At this same time, further to the East, a group of peoples were culturally advancing in ways that would prove to brutally change the course of European history. A culture that would be collectively known as Ancient North Eurasians(ANE), or more commonly Yamnaya, lived in what is now the modern day Pontic Steppes/Caucasus/North Iran Region. Yamnaya were less interested in stewarding the land and more in-line with warfare technology, metallurgy, domestication of the horse, and nomadic pastoralism of the first domesticated cattle. There were no great megalith monuments that were erected in Yamnaya homeland; instead, a genesis of great stature of men, the first bronze battle axes and the first wheeled chariots came into existence.

In waves, the Yamnaya pushed into Europe. Without any notion of diplomacy, these people of the Eurasian Steppes entered first into Eastern Europe, gradually into Central Europe and finally stopping in Western Europe. With their arrival, came the first horses Neolithic Europeans had ever seen, and additionally the first chariots. The stone and wooden tools of Neolithic Europeans were no match for the bronze daggers and axes wielded by Yamnaya, and the Europeans were hardly a match for the giant stature of these new eastern invaders. Their presence in Europe was marked by an abrupt end of indigenous cultural practices and a radical transformation to Yamnaya cultural practices such as Kurgan style burials. Another marker of Yamnaya presence in Europe was mass deforestation. As to create pastoral conditions familiar to them in their new lands, they cleared entire regions of land, some of which remain treeless to this day (as is in parts of modern-day Denmark).

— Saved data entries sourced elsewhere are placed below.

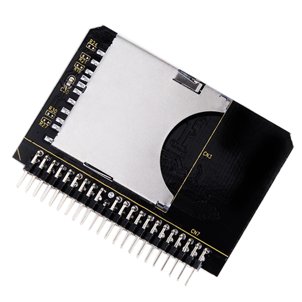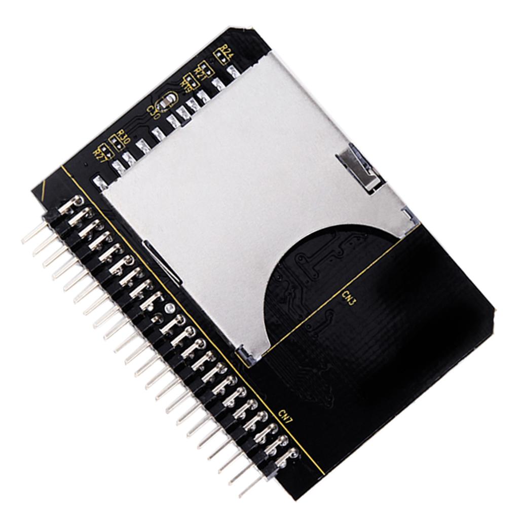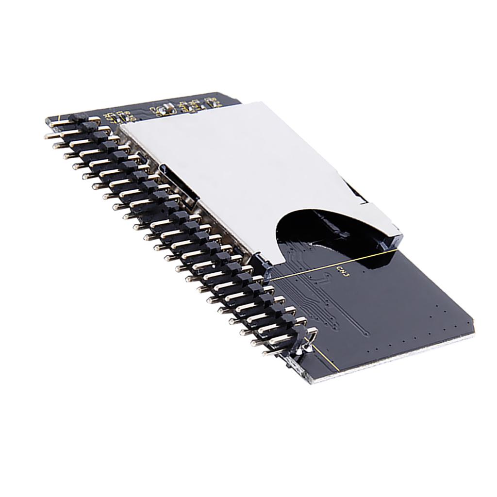 This riser card can be connected to the standard ATA IDE interface with an SD card as a standard IDE storage device.
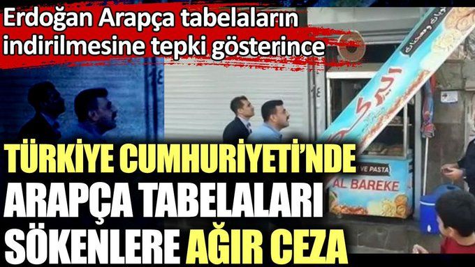 Arapça tabelaların kaldırılmasına Cumhurbaşkanı Erdoğan’ın tepki göstermesinin ardından Adalet Bakanlığı’nın belediyelere Arapça tabelaları kaldırdı diye daha büyük cezalar kesmek için harekete geçtiği iddia edildi.
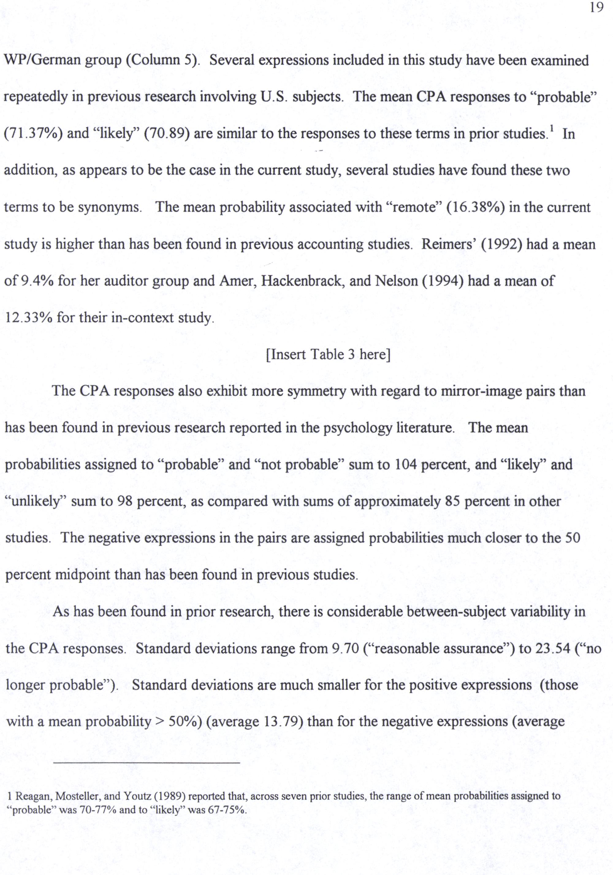 WP/German group(Column 5). Several expressions included in this study have been examined repeatedly ın previous research involving U.S. subjects. The mean CPA responses to“probable” (71.37%) and“likely”(70.89) are similar to the responses to these terms in prior studies.! In addition, as appears to be the case in the current sindyı several studies have found these two terms to be synonyms. The mean probability associated with“remote”(16.38%) in the current study ıs higher than has been found in previous accounting studies. Reimers’(1992) had a mean of 9.4% for her auditor group and Amer, Hackenbrack: and Nelson(1994) had a mean of 12.33% for their in-context study.
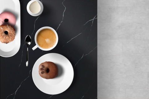 SiQuartz Marquina Delicato to konglomerat kwarcytowy, który przyciąga wzrok intensywną czernią tła i delikatnym, jasnym użyleniem w tonacjach bieli oraz szarości. Wersja o grubości 3 cm z wykończeniem polerowanym wyróżnia się głębią koloru i eleganckim, lśniącym wykończeniem, idealnym do luksusowych wnętrz o wyrazistym charakterze. Inspiracją dla tego wzoru jest klasyczny marmur Marquina, jednak tutaj w bardziej subtelnej, nowoczesnej odsłonie.
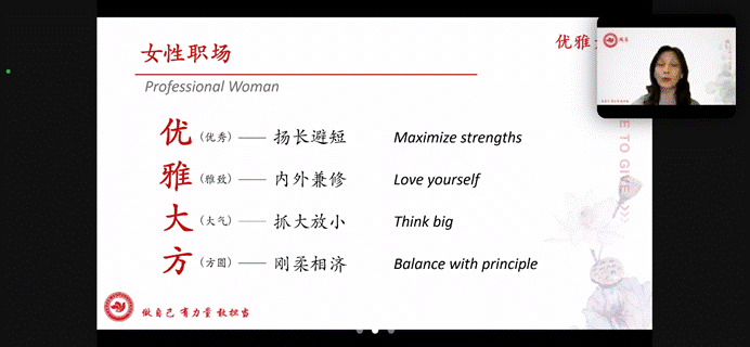 第四部分,陈欣老师从“刚”与“柔”两个方面阐述了如何在职场中方圆处事。陈欣老师以经典电影片段为教学素材,强调人际交往中“刚柔并济”对女性职场生涯的重要意义,并详细阐释了方圆处事的原则方法。
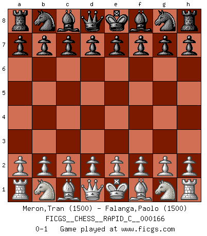 Last move : 0-1 2018 June 10 14:9:44 [Event "FICGS__CHESS__RAPID_C__000166"] [Site "FICGS"] [Date "2018.05.11"] [Round "1"] [White "Meron,Tran"] [Black "Falanga,Paolo"] [Result "0-1"] [WhiteElo "1500"] [BlackElo "1500"] 0-1 This chess game has been lost on time (started : 2018.05.11 8:22:4) Player Black won this chess game. Follow this game move after move (download)A big shock; the best chess player in history has passed away. (Lajos Portisch, about Bobby Fischer's death) Karpov ist ein Museumsstück. (Garry Kasparov) El tablero es el mundo, las piezas es el fenomeno del universo, las reglas del juego son lo que llamamos leyes de la naturaleza y el jugador del lado opuesto, se encuentra oculto a nuestra vista. (Thomas Huxley) J'ai toujours senti une vague pitié pour l'homme qui ne connaît rien aux échecs, tout comme j'en aurais pour un homme ignorant de l'amour. Les Echecs, comme la musique ou comme l'amour, ont le pouvoir de rendre heureux. (Siegbert Tarrasch) Chess, like love, like music, has the power to make people happy. (Siegbert Tarrasch)
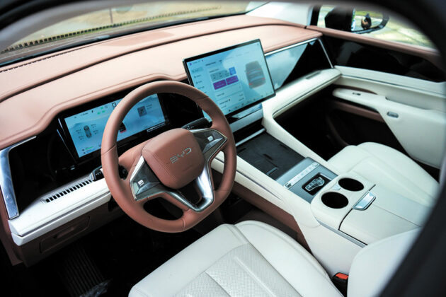 Of course, luxury is best experienced in the cabin. eMax 9 offers a variety of tools. The leather-wrapped front seats are power-adjustable with lumbar support. There are plenty of touches of leather deployed elsewhere, along with soft-touch materials for a more upscale feel. The 12.3-inch digital instrument cluster and the large 15.6-inch infotainment display complete a decidedly digital experience. And, yes, you can also use wireless Apple CarPlay, Android Auto, USB, or Bluetooth for hands-free calling or audio streaming.
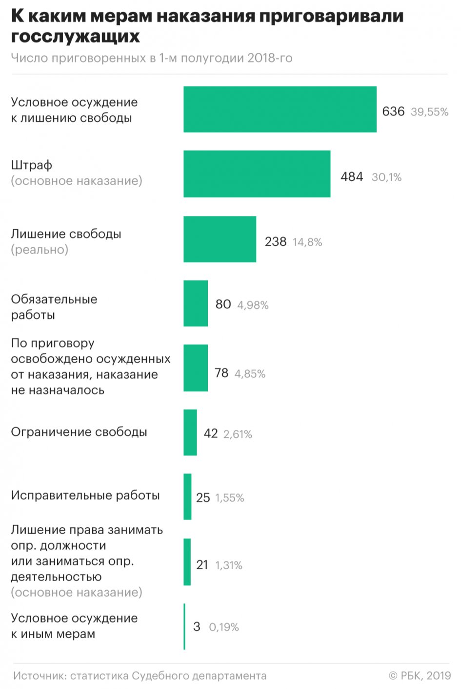 636 (40%) всех осужденных чиновников наказаны условным лишением свободы, еще 484 (30%) — оштрафованы.

Above all, the total genetic make-up of Europe was forever changed with this migration. Y Chromosome analysis of modern day Europeans show that the R1a/R1b haplogroup brought in with Yamnaya, appears to be dominant in 50% of all modern day Europeans. This evidence points toward the grim possibility that most of the male populations of Neolithic Europe were murdered and replaced by the invading Yamnaya; thereby, making this elongated event one of the biggest genocides in world history.

More importantly, the language carried by these people of the Eastern Steppes became the root of over 400 modern day European languages (English included). The language of the Yamnaya was the Proto-Indo-European language. What would become Hellenized Cultures such as Spartans, Greeks and Macedonians were born of Yamnaya invaders; this also follows for other ancient Eastern, Central and Western European groups such as Slavs, Scythians, Angles, Saxons, Jutes, Vikings, Celts, Franks, Thracians and most ancient European populations. What can be seen with ancient descendent groups of Yamnaya is a pronounced occurrence of war and colonization of territories. The invasive approach of many European groups mimicked the pattern of their Yamnaya forefathers who implanted not only a pronounced warlike culture into the heart of a vulnerable Neolithic Europe, but also left an impactful genetic imprint.